De Angoulème duivin won als jonge duif in 1970 de eerste provinciaal uit Angoulème met 40 minuten vooruit .
Zij kwam uit een zoon van DE DIKKE WINSTON van Romain Haelterman uit  Voorde en haar moeder was de nestzus van het WITSLAG VAN 61.

En met een “ lang gat “ zoals ze dat bij ons zeggen , kreeg ik ze mee .

Het was mijn bedoeling om later , op het gepaste moment , het Witslag van 61 met zijn 14 palmen, haar grootvader , eveneens aan de haak te slaan om ze tegen elkaar te koppelen !

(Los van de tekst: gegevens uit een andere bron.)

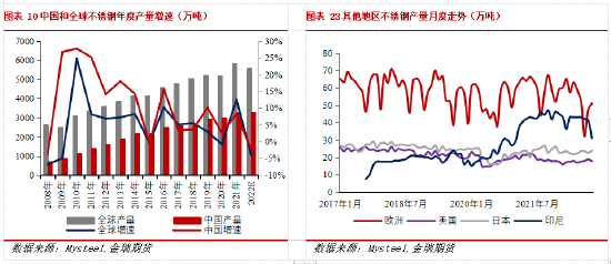 不锈钢供给逐步兑现过剩:2022年全球不锈钢产量预计同比减少4%,受疫情和经济衰退影响,整体产能利用率明显下降。国内不锈钢行业需求下滑,产业利润转亏,钢厂加大检修力度,欧洲受能源危机影响二季度大幅减产,印尼因外需疲弱产能利用、进度均不及预期。而2023年,印尼不锈钢产能仍处于不断攀升阶段,国内不锈钢行业处于产能过剩状态,产量供应弹性较大,欧洲能源危机缓解后产量有所恢复,预计2023年国内不锈钢产量同比增加3%,全球将保持4%产量增速。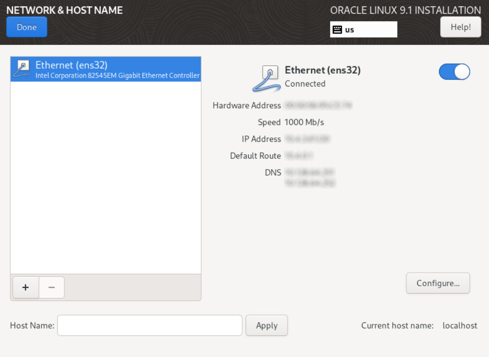 The VM retrieves an IP address and DNS settings using DHCP. - In the upper-left corner, click Done.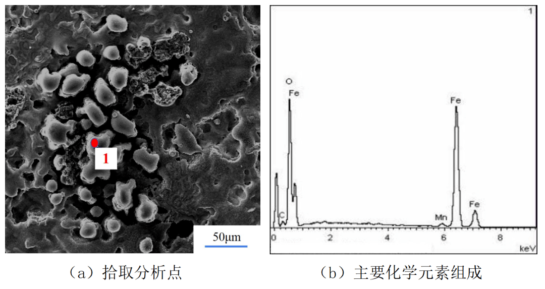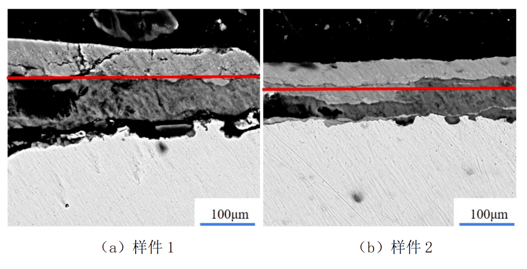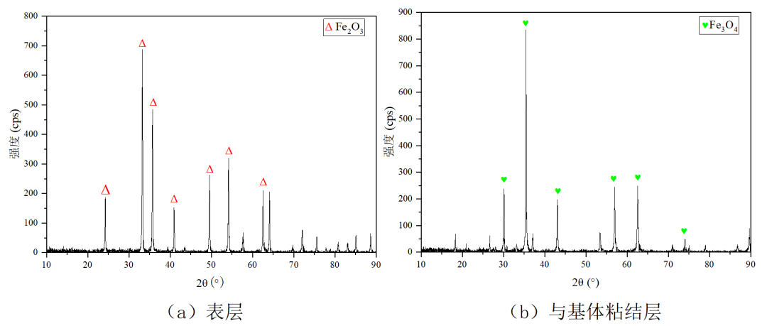 對於(yu) 測試樣件的剖麵方向,如圖6示。基體(ti) 表層的不同汙物成分間存在明顯的界限,即存在兩(liang) 層不同成分的氧化層。進一步采用X射線衍射儀(yi) (XRD)對各層的化合物成分進行測定,存在外鏽層和內(nei) 鏽層,即外鏽層為(wei) 稀疏的Fe2O3,內(nei) 鏽層為(wei) Fe3O4與(yu) FeO(少量)的混合物,工作狀態的差異會(hui) 導致氧化層的致密程度等性質有所差異。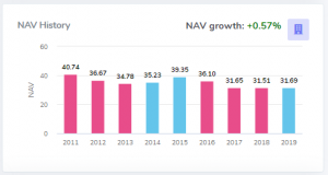 চিত্র-৭: গত ১০ বছরে কোম্পানিটির এনএভি বিশ্লেষনে দেখা গেছে, কোম্পানিটির এনএভি গ্রোথ ০.৫৭ শতাংশ বেড়েছে। ২০১১ থেকে ২০২০ সাল পর্যন্ত কোম্পানিটির এনএভি ছিল যথাক্রমে- ৪০.৭৪, ৩৬.৬৭, ৩৪.৭৮, ৩৫.২৩, ৩৯.৩৫, ৩৬.১০, ৩১.৬৫, ৩১.৫১ এবং ৩১.৬৯ টাকা।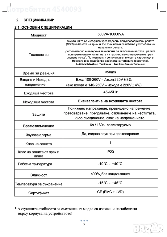 10KVA(8KW) ЕЛЕКТРОННИ МОНОФАЗНИ АВТОМАТИЧНИ СТАБИЛИЗАТОРИ/РЕГУЛАТОРИ/ за ток и напрежение VITOLUX с напълно Електронно управление. Информационен Цветен LED дисплей, изцяло метален кожух, за стенен монтаж, или свободно подово стоене/по избор/. Предимството на елктронните стабилизатори е, че изправят тока моментално, без никакво закъснение - имат 0 секунди за реагиране/Zero Cross Transfer Technology/. Осигуряват 230 волтово стабилно захранване на LCD , Plasma телевизори, компютри, непрекъсваеми захранвания (UPS-и) и всякаква друга прецизна апаратура. Изключително Голям диапазон за Автоматично Регулиране на входното напрежение: 100V-260V. Изходното напрежение е постоянно 230V/50Hz. чиста синусоида, с висока прецизност. Подходящи са за употреба в региони, където напрежението на електропреносната мрежа е с отклонения и амплитудни колебания, или има смущения от промишлени консуматори (зони в близост до промишлени предприятия, вилни зони, селски райони) и др. ПРЕПОРЪЧИТЕЛНО е използването на стабилизаторите и при работа с генератори за ток, за да се избегнат повреди на скъпи уреди и техника. Вградени защити за претоварване, прегряване и късо съединение. Вграден вентилатор за принудително охлаждане в случай на претоварване и загряване на стабилизатора. При пад на напрежението до 100V, стабилизаторът поддържа постоянен изходен волтаж от 230V. Вградена Байпасна система за избор на режим на работа: със, или без стабилизиране на тока. Стабилизаторите предпазват от изгаряне и повреждане всички Ваши електрически уреди и системи при токови удари от електропреносната мрежа, от мълнии и т.н. Размери- Д./Ш./В.- 41/16/32см. Тегло: 21 кг.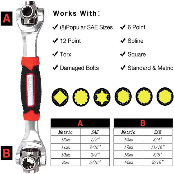 - 48 инструментов в одной головке : уникальная революционная конструкция зубьев позволяет работать как со стандартными, так и с метрическими размерами. Достаточно просто перевернуть инструмент — и у вас появляется больше размеров. Больше нет необходимости таскать тяжёлые ящики с инструментами.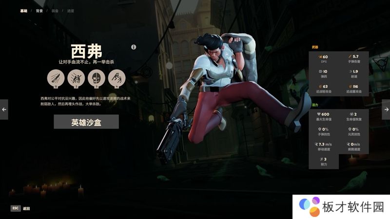 他的武器是一把单手喷,射击间隔长,但相对的是单发伤害高。

Iets uit de briefwisseling met Romain Haelterman was mij bij gebleven . Op een bepaald moment zou hij al zijn top-duiven tegen hun kleinkinderen zetten . “ Zo kweek je de beste vliegers en KWEKERS om mee voort te doen “ schreef hij overtuigd en …. HIJ HAD GELIJK !

En nu vrienden , kom ik tot de kern van de zaak . Op het eind van de sixties en het begin van de jaren 70 hadden wij de beste in de streek .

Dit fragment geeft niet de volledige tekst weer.